XXII. That the said Hastings, in asserting that he was bound to the acts
aforesaid by public duty, and even by national faith, in the very
instance in which that national faith was by him grossly violated, and
in justifying himself by alleging that he was bound to the _complete_
execution by a responsibility to the Company which he immediately
served, and by asserting that these violent and rapacious proceedings,
subjecting all persons concerned in them to obloquy, would be the means
of strengthening the connection of the Nabob with the British United
Company of Merchants trading to the East Indies, did disgrace the
authority under which he immediately acted. And that the said Hastings,
in justifying his obligations to the said acts by a responsibility to
the _king_, namely, to the King of Great Britain, did endeavor to throw
upon his Majesty, his lawful sovereign, (whose name and character he was
bound to respect, and to preserve in estimation with all persons, and
particularly with the sovereign princes, the allies of his government,)

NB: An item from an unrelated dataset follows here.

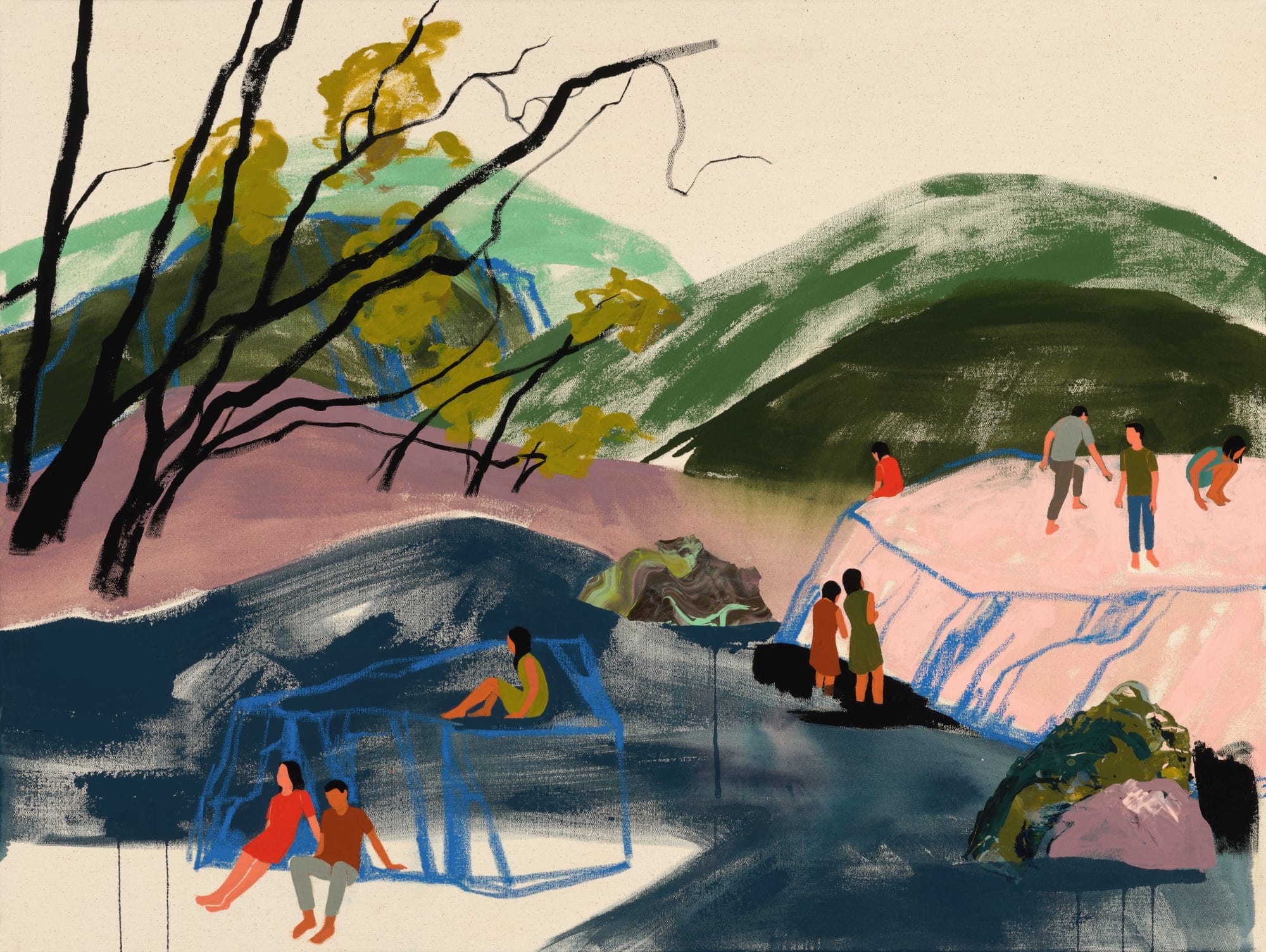 With barren trees, colorful mounds, and diminutive figures ambling among the terrain, the paintings emphasize the ways the past emerges in the present. Despite their bright hues, Hong’s landscapes are deteriorating and experiencing the very real blight of climate disaster. Two new pieces depict figures in the parched Atacama desert, clambering atop enormous heaps of discarded clothing. Bringing the immense waste of fast fashion and consumerism to the fore, the compositions capture the ways our decisions are never relegated to the past and how our choices affect even the most sparsely populated regions on the planet.

the disgrace and odium of the aforesaid acts, in which a sovereign
prince was by him, the said Hastings, made an instrument of perfidy,
wrong, and outrage to two mothers and wives of sovereign princes, and in
which he did exhibit to all Asia (a country remarkable for the utmost
devotion to parental authority) the spectacle of a Christian governor,
representing a Christian sovereign, compelling a son to become the
instrument of such violence and extortion against his own mother.